Только к утру наконец были составлены списки. В них значилось ровно тысяча триста казаков – ни больше, ни меньше. Тысяча посылалась в Ингрию, против шведов, и триста – в распоряжение азовского губернатора для гарнизонной службы.

– Ну, слава те господи! – набожно перекрестился Илья Зерщиков. – Теперь закончили это дело. Царь будет не в обиде на нас…

– Погодите, атаманы-молодцы, не все еще, – прервал осипший Максимов.

– А что еще?

– Надобно ведь атамана походного. Вести кому полки в Ингрию?

– Ну, это можно опосля, – отмахнулся Зерщиков.

– Как же опосля? – встревоженно проговорил Максимов. – Царь будет возвращаться из Азова, спросит: кто начальник отряда? Что ему в ответ скажу?

– Василия Фролова походным атаманом пиши, – предложил один из старшин.

– Правда истинная, – поддержал Василий Позднеев. – Казак хороший.

Старшины согласились поставить Василия Фролова походным атаманом.

– Ну, в добрый час! – облегченно проговорил Максимов. – Сделали это дело – и гора с плеч.

Старшины разошлись, а атаман Максимов, не сомкнув глаз, составлял с писарем указы станичным атаманам о сборе казаков.

В станицах указы были встречены с большим воодушевлением, с казацкой страстностью.

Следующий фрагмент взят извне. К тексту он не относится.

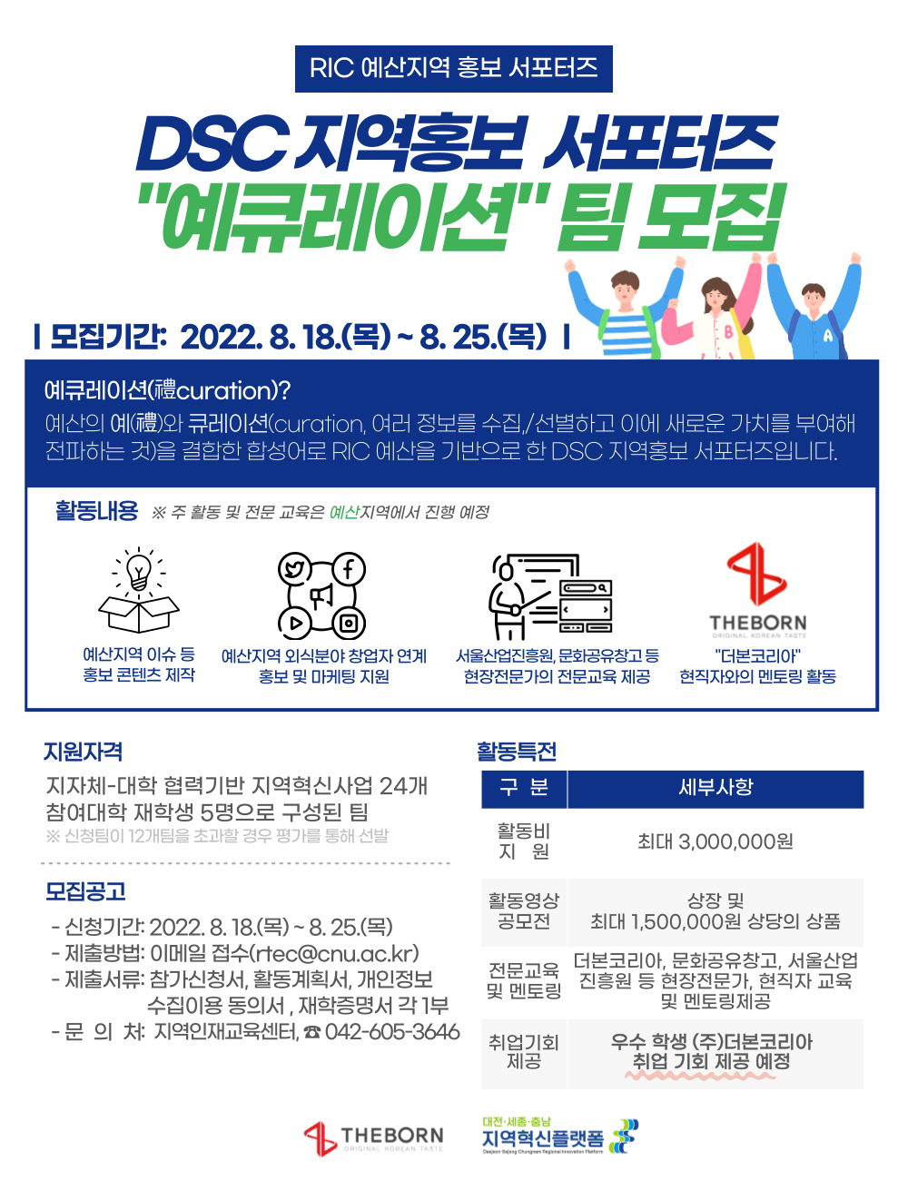MOKWON UNIVERSITYDSC 지역홍보 서포터즈 예큐레이션 운영 계획을 다음과 같이 알려드리니, 관심있는 학생은 참여하여 주시기 바랍니다.

– Испокон веку казак – защитник русской земли, бьет супостатов, – говорили казаки.

Закипела работа. Готовили оружие, коней, одежду, продовольствие для далекого похода – «на Сине море», «супротив свейского немца»[25].

Глава IV

Наступила осень, холодная, ветреная.

Лукьян Максимов, прислушиваясь к завываниям ветра за оконцем, раздевался, готовясь ко сну.

Дверь в горенку со скрипом приоткрылась, из-за двери выглянул Зерщиков.

– Во имя Отца и Сына и Святого Духа… – проговорил он.

– Аминь! – ответил Лукьян, оглядываясь. – Ты, Илья Григорьич? Заходи.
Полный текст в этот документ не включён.